Holy crap! I bet you were not expecting that. It should perhaps be clear why the query might be slow: it is aggregating columns for every statistical category for each player statistic in the 2012 season. Why? This is the price that we must pay for generality: the query interface doesn't know which statistics you're going to inspect, so it must give you all of them.

But we can do better by writing a much simpler SQL query and adapting it to nfldb's types like we did in the last section:

query = '''
SELECT
  play_player.player_id, SUM(play_player.passing_yds) AS passing_yds
FROM play_player
LEFT JOIN game ON play_player.gsis_id = game.gsis_id
WHERE game.season_type = 'Regular' AND game.season_year = 2012
GROUP BY play_player.player_id
ORDER BY passing_yds DESC LIMIT 5
'''
players = []
with nfldb.Tx(db) as cursor:
    cursor.execute(query)
    for row in cursor.fetchall():
        pp = nfldb.PlayPlayer(db, None, None, None, row['player_id'],
                              None, row)
        players.append(pp)

for pp in players:
    print pp.player_id, pp.passing_yds

And this provides exactly the same output as above, except it runs in 0.2 seconds on my machine (versus 1.3 seconds when using the query interface). The fact that we're only aggregating passing_yds saves a ton of time wasted on aggregating a whole bunch of other categories that are never used.

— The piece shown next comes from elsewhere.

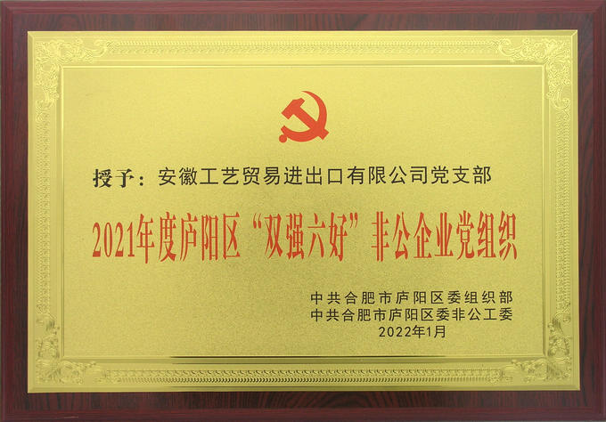 近日,我司黨支部被中共合肥市廬陽區委組織部和中共廬陽區委非公工委聯合授予2021年度廬陽區“雙強六好”非公企業黨組織光榮稱號。榮譽的獲得是公司全體黨員共同努力的結果。公司黨支部希望廣大黨員珍惜榮譽,繼續努力,積極響應上級黨組織的號召,牢記黨的宗旨,擔當時代使命,爭當公益活動的志愿者。充分發揮安徽工藝貿易進出口有限公司黨支部的戰斗堡壘作用,奮力進取,使公司的各項工作再上一個臺階。
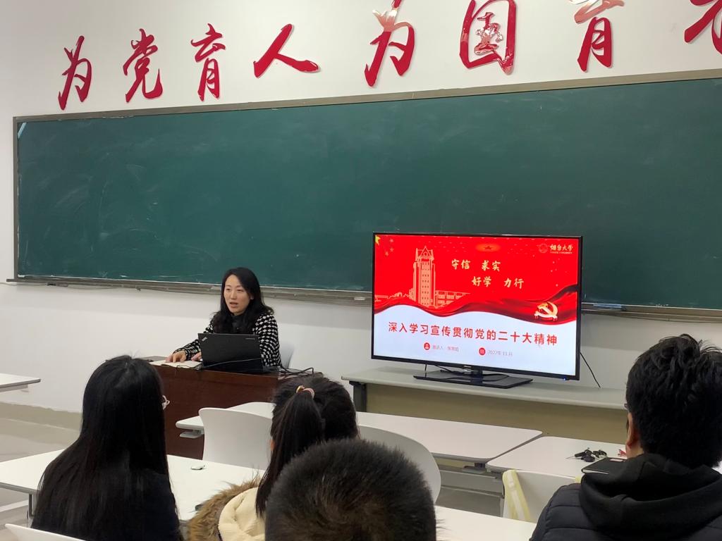 为深入学习宣传贯彻党的二十大精神,近期,烟台大学数学与信息科学学院党总支书记张寅晗面向学院党员宣讲党的二十大精神。

You can go even faster than this by restricting the rows to a particular player when you're aggregating statistics for a pre-determined set of players. For example, add the following to the WHERE clause of the SQL query in the last code sample:

play_player.player_id IN ('00-0020531', '00-0026498', '00-0021678', '00-0019596', '00-0026143')

Then the run time drops down to about 0.133 seconds on my machine. But of course, this particular optimization also makes using the query interface more performant:

thebest = ['00-0020531', '00-0026498', '00-0021678', '00-0019596', '00-0026143']

q = nfldb.Query(db)
q.game(season_year=2012, season_type='Regular')
q.player(player_id=thebest)
for pp in q.sort('passing_yds').limit(5).as_aggregate():
    print pp.player_id, pp.passing_yds

Which runs in about 0.16 seconds on my machine. So it's not quite as fast as hand-written SQL, but it's much faster than the 1.3 seconds that we started with.

The moral of the story is to experiment and see what works best for you. But remember, in programming, premature optimization is the root of all evil.